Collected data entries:
◇ ◇ ◇

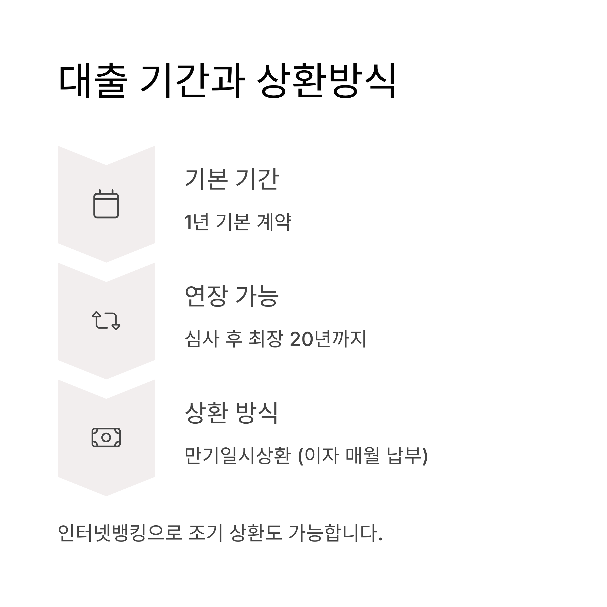 기본 대출 기간은 1년이며, 매년 심사를 통해 최장 20년까지 연장할 수 있습니다.
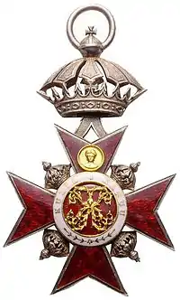 The insignia of Commander is identical to that of Grand Cross, except the Commander wears only the sash. In addition, on the badge the crowns between the arms of the cross are silver, not gold.
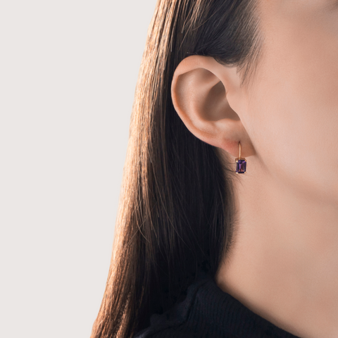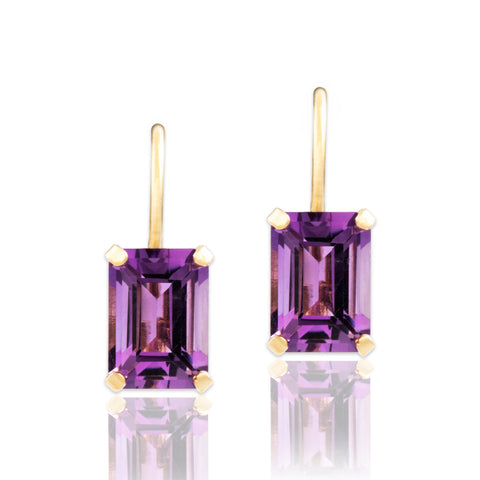 Vintage 14k Yellow Gold 1.6cttw Amethyst Pretty Emerald-Cut Lever Back Earrings
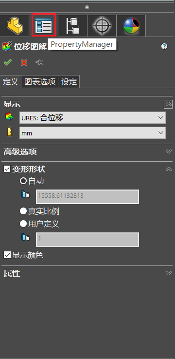 要显示此 PropertyManager,请运行静态、非线性、动态或掉落测试算例。右键单击结果 文件夹,然后选择定义位移图解。
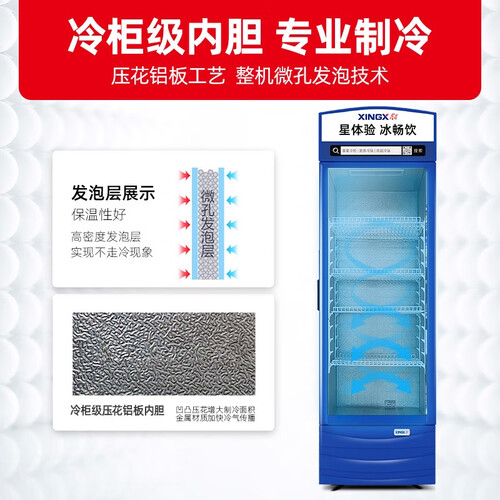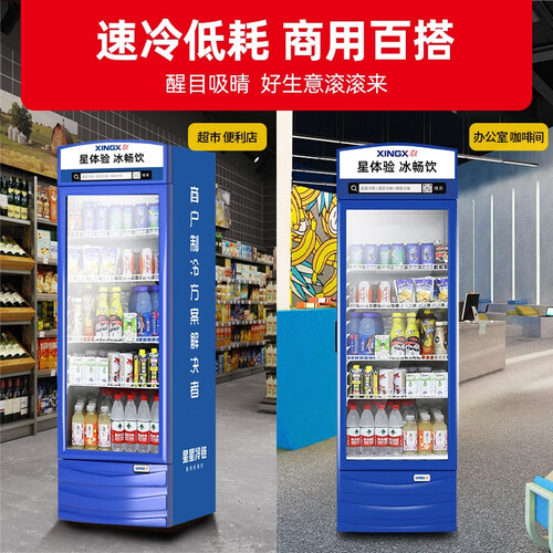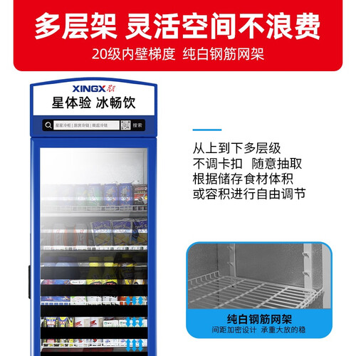 安装双层中空玻璃,具有较好的隔热锁冷效果,并且内部物品清晰可见。外置散热设计,可有效提升散热能力,延长冷柜使用时长。
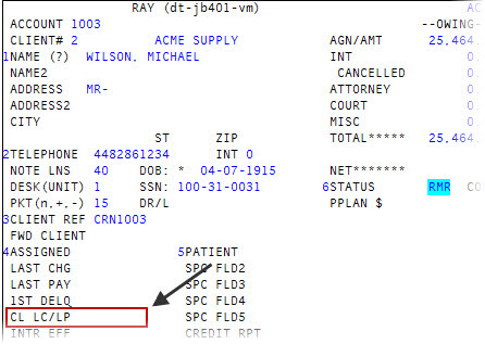 The Client Last Charge/Last Pay (CL LC/LP) field is updated by the system. It stores the date the client last charged the account or last received payment from the account before the account was assigned to your agency. The Collector System takes the information from the Last Charge or Last Pay fields when a new record is added to the system and enters it in this field.
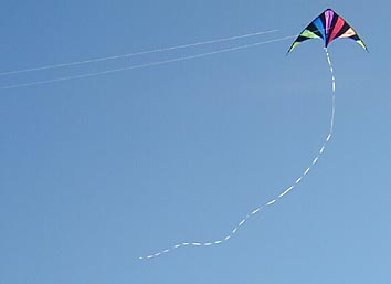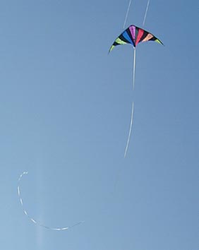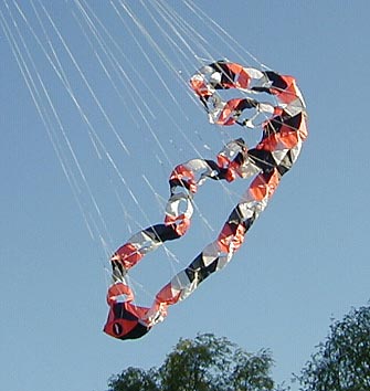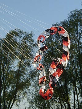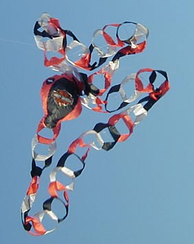 ![]() Sören hatte den Crossdeck der diesjährigen Kite & Bike Dreamtour mitgebracht. Außerdem hatte er eine Schlange zum Einhängen in die Leine genäht. |
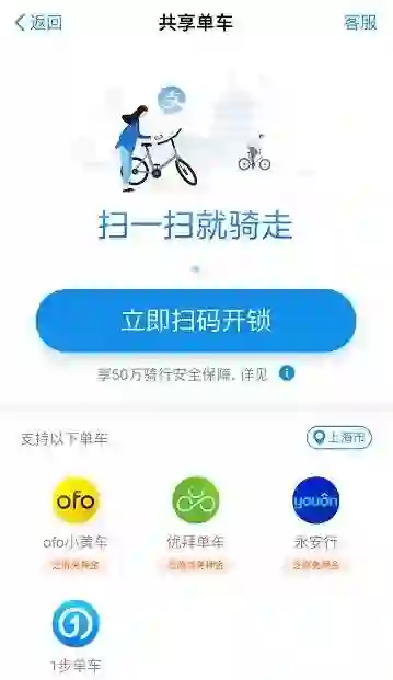 3 月 16 日,ofo 与芝麻信用达成战略合作推行“信用免押”模式,虽然在支付宝有了入口,不过藏的也忒深了(更多应用-便民生活),而且支付宝与 ofo 并非独家合作。
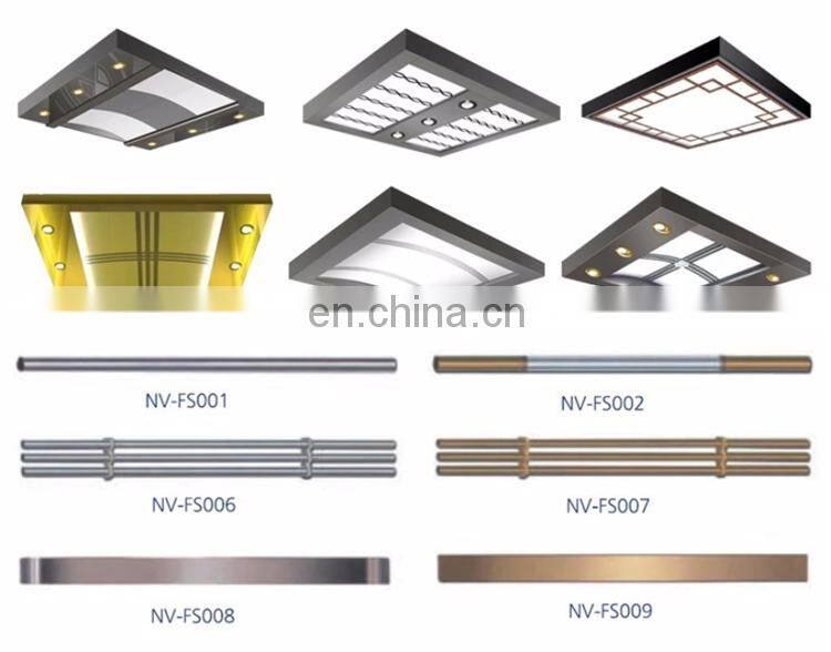 Car Ceiling: Power coated/hairline/mirror/etched stainless steel, titanium steel, wood veneer, acylic, LED lights

◇ ◇ ◇

Apart from the pictures, all of the data must be duplicated exactly as shown above.

 기본 대출 기간은 1년이며, 매년 심사를 통해 최장 20년까지 연장할 수 있습니다.
 The insignia of Commander is identical to that of Grand Cross, except the Commander wears only the sash. In addition, on the badge the crowns between the arms of the cross are silver, not gold.
 Vintage 14k Yellow Gold 1.6cttw Amethyst Pretty Emerald-Cut Lever Back Earrings
 要显示此 PropertyManager,请运行静态、非线性、动态或掉落测试算例。右键单击结果 文件夹,然后选择定义位移图解。
 安装双层中空玻璃,具有较好的隔热锁冷效果,并且内部物品清晰可见。外置散热设计,可有效提升散热能力,延长冷柜使用时长。
 The Client Last Charge/Last Pay (CL LC/LP) field is updated by the system. It stores the date the client last charged the account or last received payment from the account before the account was assigned to your agency. The Collector System takes the information from the Last Charge or Last Pay fields when a new record is added to the system and enters it in this field.
 ![]() Sören hatte den Crossdeck der diesjährigen Kite & Bike Dreamtour mitgebracht. Außerdem hatte er eine Schlange zum Einhängen in die Leine genäht. |
 3 月 16 日,ofo 与芝麻信用达成战略合作推行“信用免押”模式,虽然在支付宝有了入口,不过藏的也忒深了(更多应用-便民生活),而且支付宝与 ofo 并非独家合作。
 Car Ceiling: Power coated/hairline/mirror/etched stainless steel, titanium steel, wood veneer, acylic, LED lights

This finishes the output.